Once the brains and spinal cords have been collected and characterised, researchers are able to submit an application for specimens.
Each year, 30 to 40 tissue request applications will make it through the rigorous screening process, then be evaluated by an independent review panel before being approved. Applications go to NSW Brain Banks, which incorporates the NSW Brain Tissue Resource Centre at the University of Sydney, a brain bank specialising in alcohol abuse disorders, schizophrenia and healthy control tissue.
The job of the Sydney Brain Bank isn’t over after collection. They might help a researcher design their study, recommending more appropriate areas of the brain to study based on what is available or directing them to other research groups working on similar projects.

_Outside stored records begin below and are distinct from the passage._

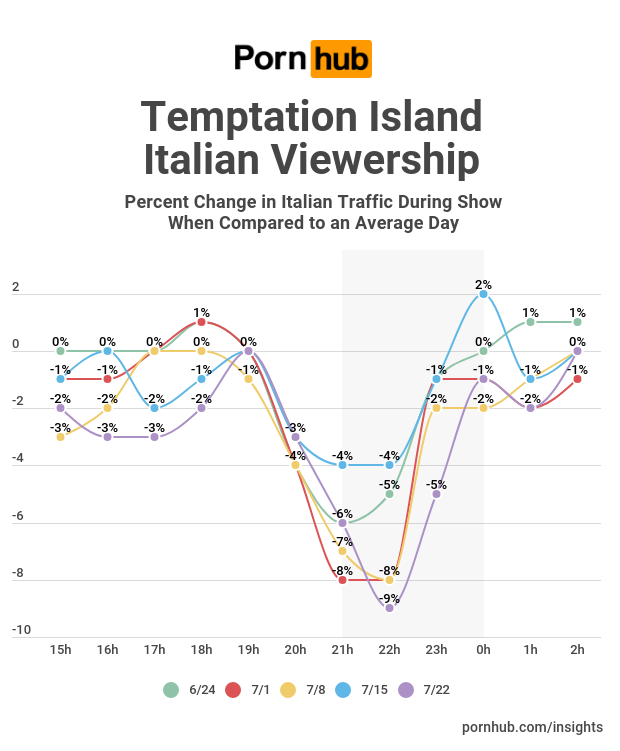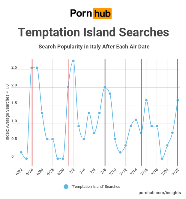 After the last episode of Temptation Island’s 2019 series we decided to look at Pornhub’s visitor traffic from Italy along with Rolling Stone Italia, to see if this summer’s record tv program was enough to take people’s attention away from Pornhub.
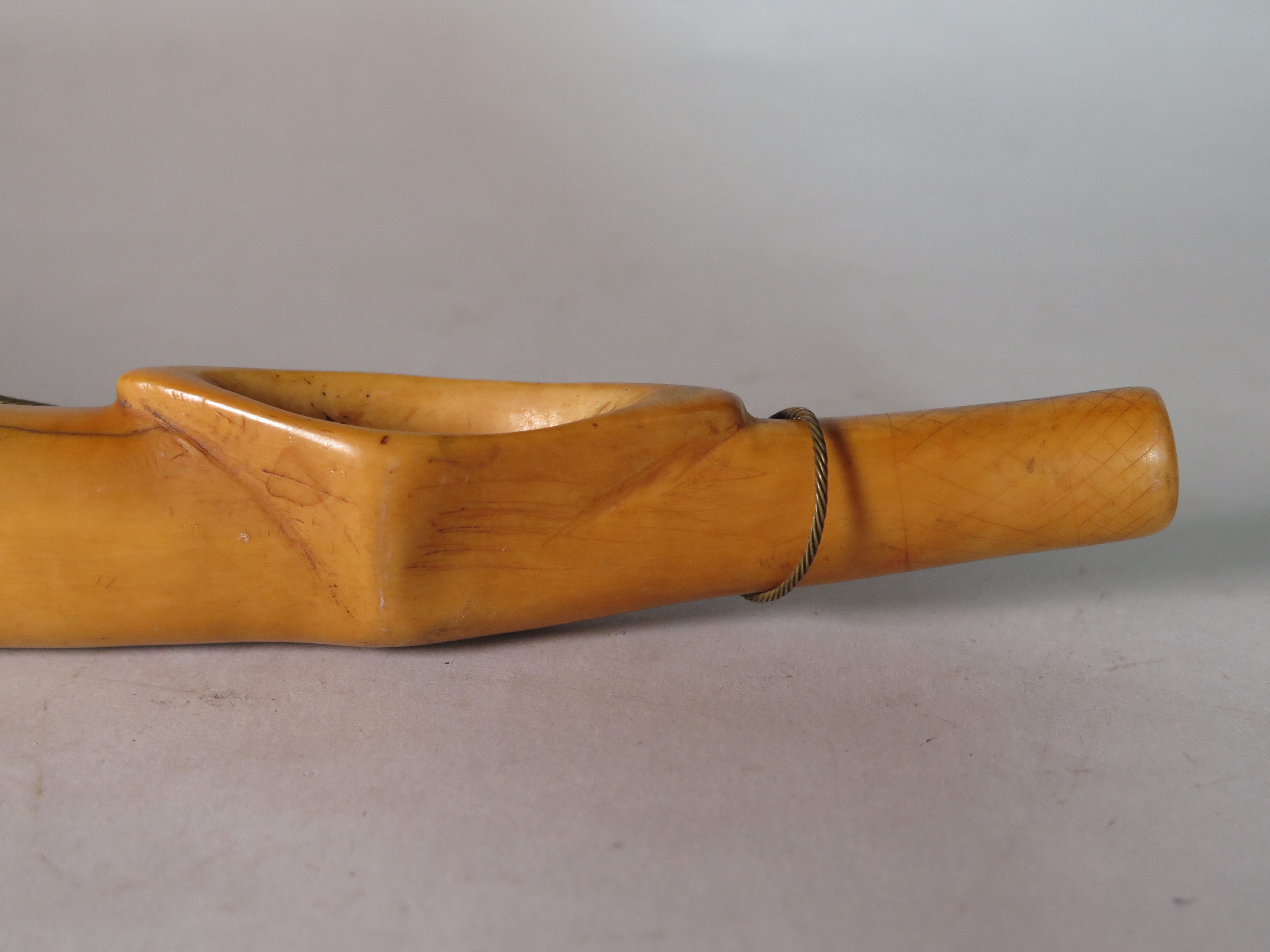 A rare, well patinated, plain and un-decorated ivory Oliphant (hunting horn) probably made in what is now Angola or the Democratic Republic of Congo during the 19th or early 20th Century.
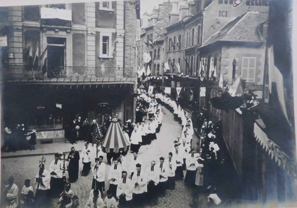 Procession du tintinnabule et de l'ombellino basilicaux dans les rues de Saint-Brieuc, photographie, après 1903

Some research groups need help finessing their study for human tissue. Although scientists have created animal models of many neurodegenerative disorders, they don’t fully recapitulate all the features of the human disease process, Dr Shepherd says.
For example, most of the Alzheimer’s disease cases at the brain bank have co-existing pathology. But when seeking tissue samples, some researchers have initially requested pure Alzheimer’s disease cases for their studies because they don’t want to ‘muddy the waters’.
But this is the reality of Alzheimer’s disease, Dr Shepherd explains, “and if we’re going to treat it, then we have to treat the entirety of it”.
Those who do use tissue have to report back on their study outcomes and whether there is any leftover tissue to be returned.
“We are the custodians of the tissue samples, and I need to make sure that they are used for world-class research.”